A entrevista concedida pela atriz Fernanda Montenegro à jornalista Sonia Racy (Estadão, 04 nov 07) foi uma verdadeira epifania.
A palavra ‘epifania’ veio do grego, passou pelo latim e chegou à língua portuguesa no século XV. Designa o momento decisivo em que o significado essencial de alguma coisa é percebido por um, por poucos ou por muitos. Às vezes, o essencial está num detalhe que passa ignorado pela maioria, mas é notado por poucos, às vezes por um olhar solitário.
Devido às influências do latim da Igreja, que incorporou com insidiosa objetividade e grande competência os cultos pagãos antigos, a palavra ‘epifania’ é mais conhecida como a festa dos Reis Magos, que não eram reis, nem magos, nem eram três e levaram cerca de 800 anos para nascer e ter nomes. (Ver meu artigo A Lenda dos Reis Magos, JB, 6/01/04).
Fernanda no Estadão
Vamos à entrevista. Sabemos que título e chamada são provavelmente obra do editor da página. O Estadão deu em letras garrafais: ‘NÃO SOU VIVANDEIRA DE GOVERNOS’.

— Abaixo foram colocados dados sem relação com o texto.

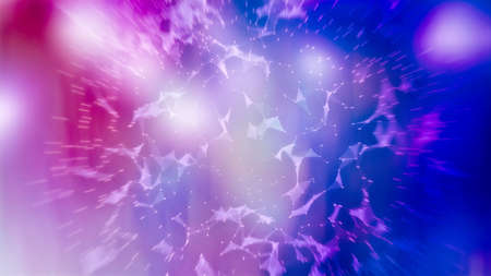 Blur light flare. Bokeh neon glow. Futuristic radiance. Defocused ultraviolet navy blue pink purple color flecks glare on dark modern abstract background.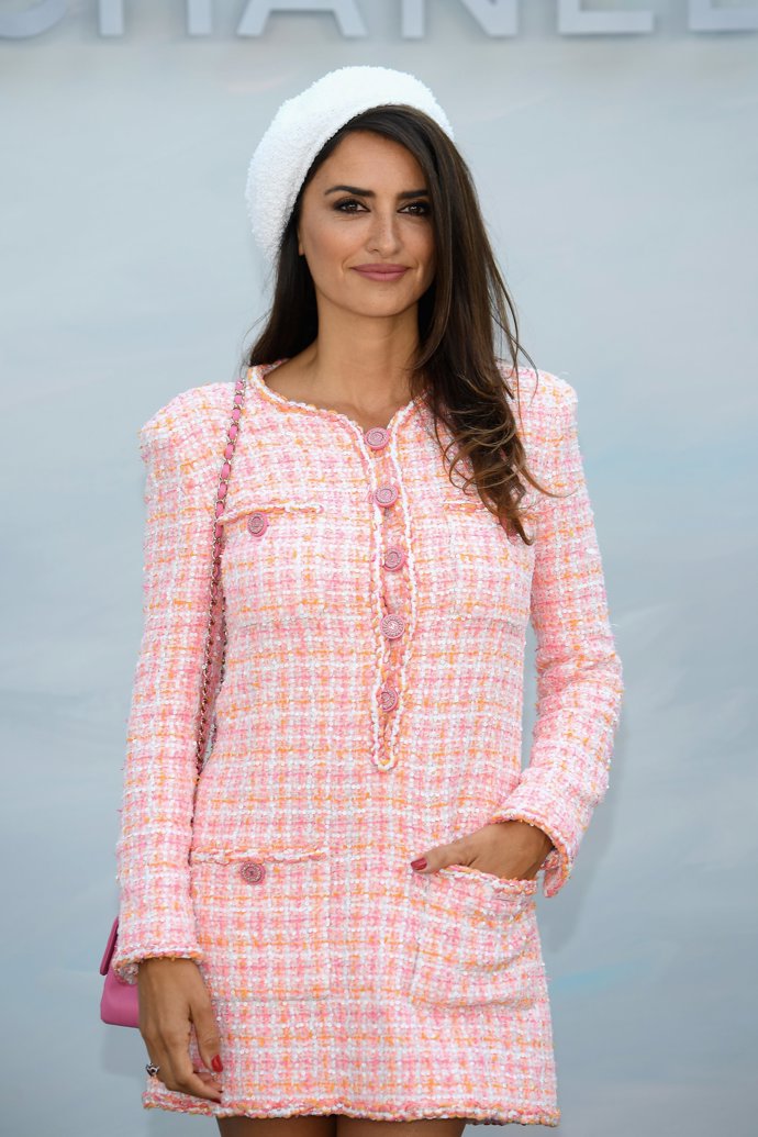 Son muchas las ocasiones en las que hemos visto lucir piezas de la maison francesa, desde los Oscar a los Goya o el Festival de Cannes, donde desfiló tanto con vestidos vintage como de temporada de la firma. Además, es imposible borrar de nuestro recuerdo a la actriz con un impresionante diseño negro y cadenas doradas de Chanel en la película Los Abrazos Rotos de Pedro Almódovar en 1999, mismo año en el que sorprendía en el front row durante un desfile de la firma, al igual que hemos podido verla en el último de la casa que ha tenido lugar hoy en París. Penélope ha acudido como embajadora con un total look de Chanel al más propio estilo de la firma, con vestido en tweed en tonos rosas y naranjas y boina blanca.
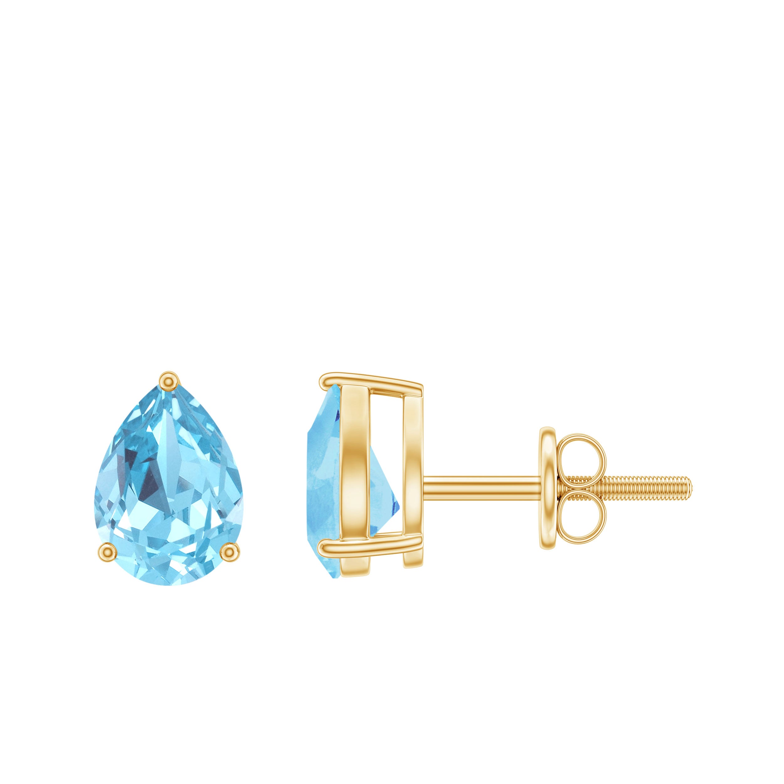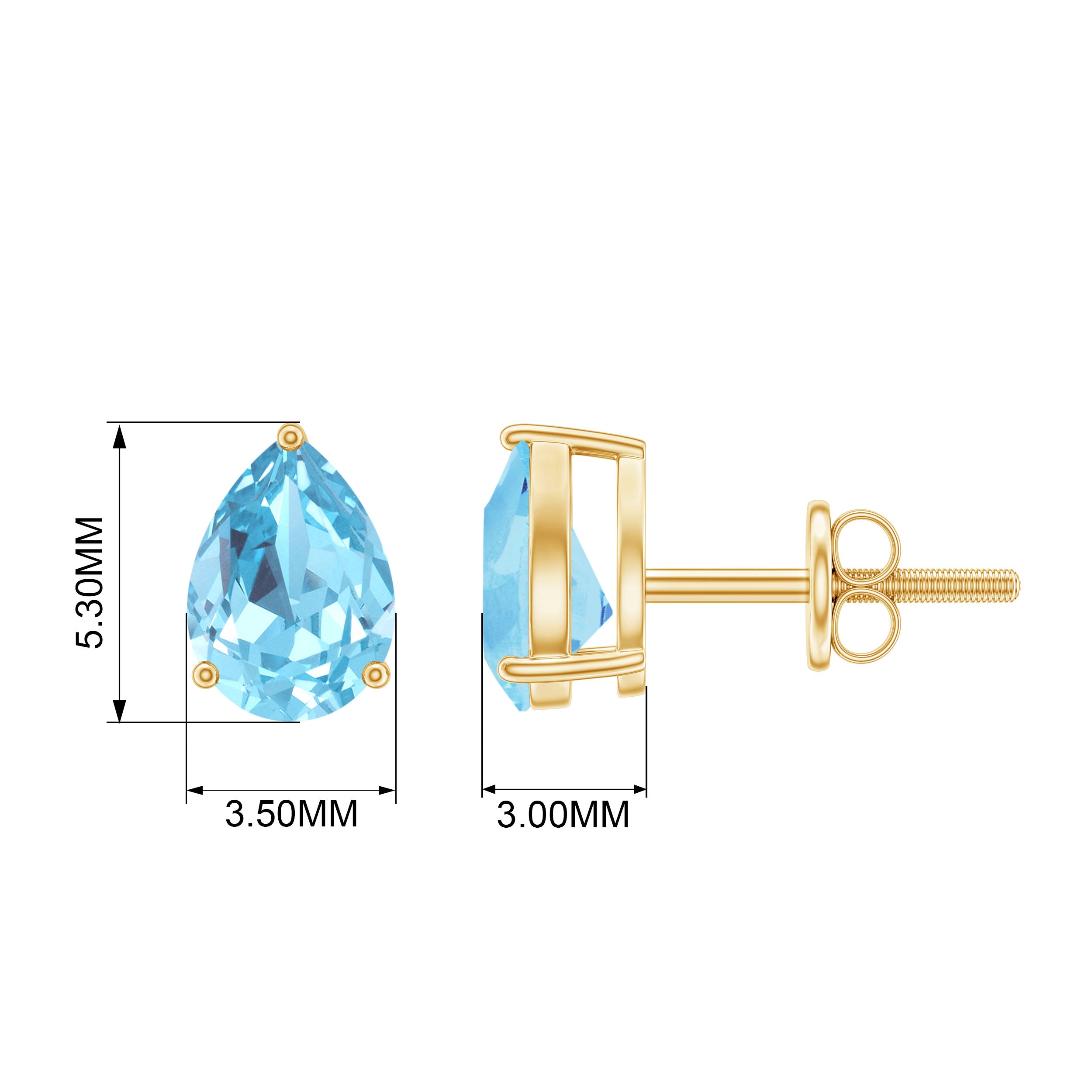 Natural Pear Shape Aquamarine Stud Earrings with Screw Back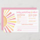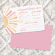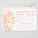 Esta tarjeta horizontal Baby Predictions & Advice presenta un diseño luminoso y alegre con temática solar. En el lado izquierdo, un gran sol con vibrantes rayos en tonos clásicos de amarillo, naranja y rojo le da un toque cálido y lúdico. A la derecha, la tarjeta invita a los huéspedes a completar sus mejores suposiciones para la llegada del bebé, incluyendo fecha, hora, peso, color de los ojos, color de pelo y a quién se parecerá el bebé. En la parte inferior hay un espacio para que los clientes compartan un poco de consejo para los futuros padres y firmen su nombre, lo que hace que sea un placer después de la ducha. La parte trasera tiene un fondo rosa suave, pero puedes cambiarlo a cualquier color para que coincida con el tema de la ducha de bebé. Personalizable completo, esta carta es una actividad divertida y reflexiva que le da un toque personal a su celebración.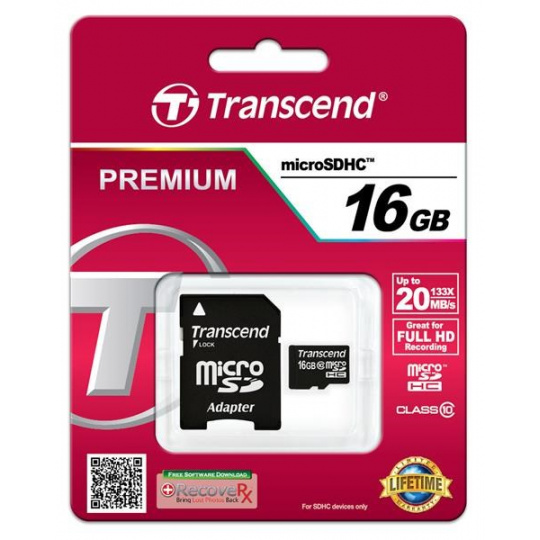 Karta TRANSCEND MicroSDHC 16 GB triedy 10 + adaptér
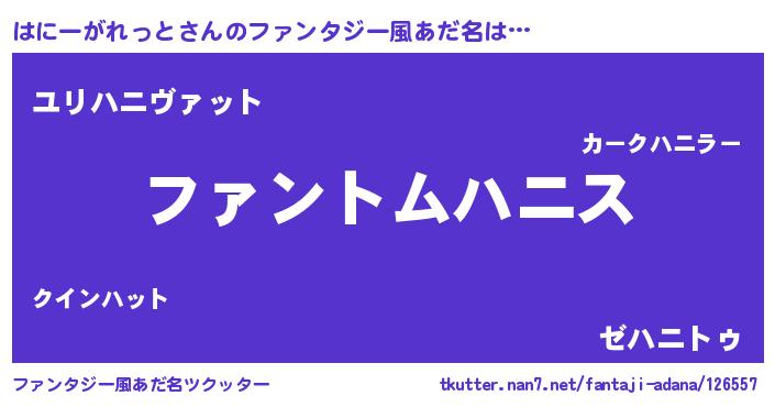 | 男性向けラノベタイトル風あだ名 | 『はにーがれっとの嫁は女の子じゃないと思った?』 |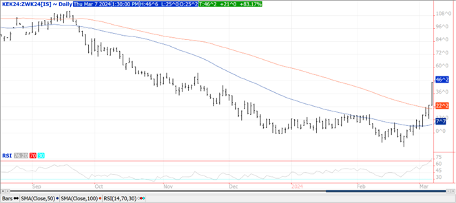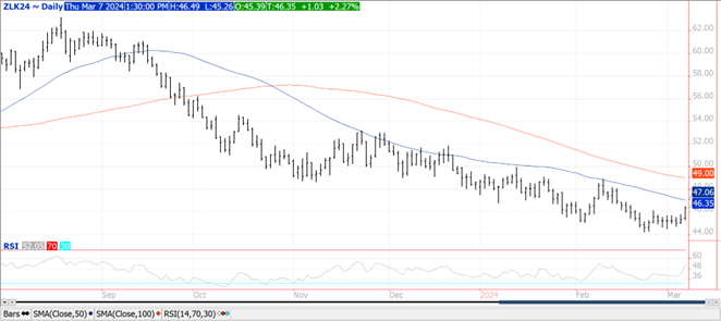 The soybean complex was higher across the board with most contracts closing at or near their highs.  Bean finished up $.12 – $.18, meal was $3 – $4 higher while oil is up 90 – 105.  May-24 beans closed into new highs for the week with not much resistance until $11.92.  Resistance for May-24 meal is at $337.50.  May-24 oil has traded to its highest level in just over 2 weeks with next resistance at its 50 day MA at 47.06.  Spot board crush margins improved $.02 to $.79 ¼ with BO PV closing at 40.9%, the highest since Oct-23. Export sales at 25 mil. bu. were above expectations. Old crop commitments at 1.449 bil. are down 19% from YA, vs. the USDA forecast of down 14%. Census exports in Jan-24 at 219 mil. bu. were up 23.5% from Dec-23 however down 30% from Jan-23. In the first 5 months of the 23/24 MY, exports are down 21% from YA while running 47 mil. bu. over the inspection pace. Meal sales last week at only 158k mt were below expectations. Soybean oil sales at just over 29k mt were above expectations and nearly doubled the YTD commitments as the recent price slump has made BO more competitive in the global vegetable oil market. YTD commitments are now up 3.5% vs. the USDA forecast of down 21%. Chinese imports for Jan/Feb at 13 mmt are down 9% from YA and the lowest since 2019 as crush margins have remained weak on declining hog numbers.  Brazilian exports are starting to accelerate as harvest advances. Feb-24 exports at 6.61 mmt was a record high for the month and up 32% from YA.  Mch-24 exports are expected to nearly double to 12.8 mmt, however still down from 14.4 mmt in Mch-23.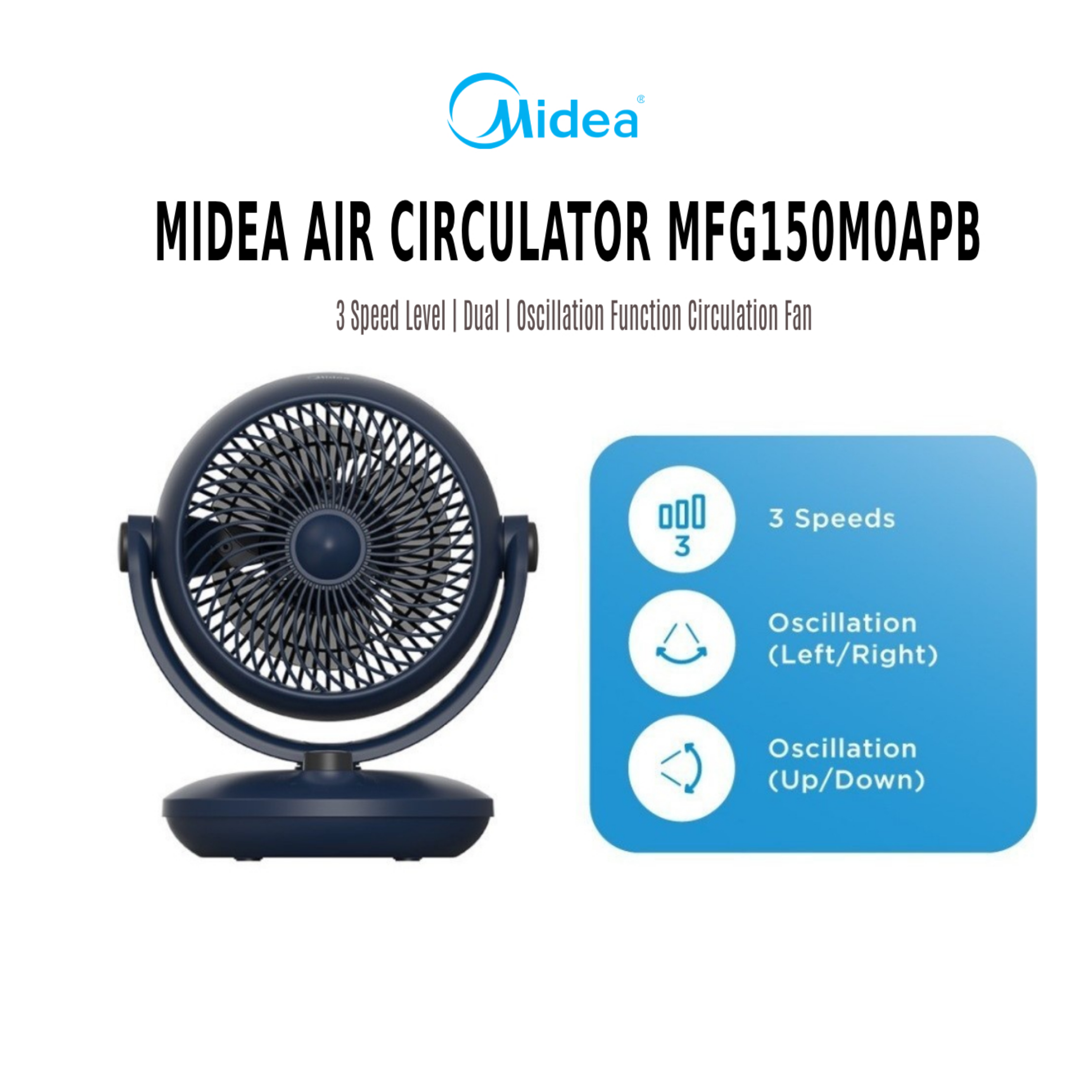 Midea 6 Inch Circulation Fan MFG-150MOAPB Features: - 6 Inch Blade Size - 3 Speed Selection - Mini Size - Direct Cool Warranty: 1 Year General Warranty

A língua portuguesa é tão fascinante que requer uma outra parada, desta vez para comentar o título. Vivandeira designou originalmente a mulher do vivandeiro, o sujeito que, principalmente em tempos de guerra, vendia víveres aos militares, abastecendo as tropas. A mulher também o acompanhava e às vezes o ajudava no ofício. Nasciam desse convívio informações privilegiadas da caserna e por certo um intenso leva-e-traz, mexericos, fofocas etc.
Mas ‘vivandeira’, como observou Elio Gaspari, é também ‘expressão trazida ao vocabulário político brasileiro pelo marechal Humberto Castelo Branco, em agosto de 1964, no auditório da Escola de Comando e Estado Maior do Exército. Reclamando dos civis que chamavam seu governo de militarista, disse o seguinte:
– Eu os identifico a todos. E são muitos deles, os mesmos que, desde 1930, como vivandeiras alvoroçadas, vêm aos bivaques bulir com os granadeiros e provocar extravagâncias do poder militar‘.
E agora? A atriz Fernanda Montenegro disse a frase destacada pelo editor, depois de declarar que, passadas as eleições, situação e oposição trabalham em conjunto: ‘Aí todo mundo se cala ou se compõe – e vamos vivendo. E eu não quero falar sobre isso, compreende? Estou falando, mas não domino o texto dessa peça, não estou por dentro da ‘informação’. Em matéria de política, eu não sou e nunca fui vivandeira de partidos nem de governos‘.
‘Então, no que você acredita?’, pergunta a entrevistadora. E a atriz: ‘Na arte e no trabalho‘.
E Sonia Racy perguntou também: ‘Estamos sendo governados por um ex-operário. O que acha disto?’.
A resposta é a epifania do começo deste texto: ‘Vê-se no rosto de Lula, no brilho de seus olhos, que ele é o homem mais feliz deste País. Está feliz porque conseguiu o impossível. Temos de entender a viagem desse homem. Ele vive o seu milagre em total arrebatamento‘.
‘Ele faz milagre no País?‘, pergunta Sonia Racy. E a atriz: ‘Aí já é outra coisa. Eu vejo o fenômeno desse personagem espantoso. Ele é um ator de extraordinário carisma, que tem a casa cheia todo dia. Tanto que tem mais de 60% de aprovação. Tem uma platéia infindável, está virando um mito. Mas a educação vai mal e a saúde vai pior‘.
Por fim, a entrevista diz mais nas entrelinhas, nas doces coerções da jornalista que levam a atriz a revelar o que não queria, quer dizer, chegamos ao cerne da etimologia de ‘entrevista’: uma fresta pela qual muitas coisas podem ser vistas. Ou poucas, mas importantes! É dessas leituras que nunca olvidamos, que, ainda que não guardemos o recorte do jornal, ele ficará em algum canto de nossas lembranças para que as opiniões da grande atriz possam ser no futuro melhor analisadas e melhor compreendidas.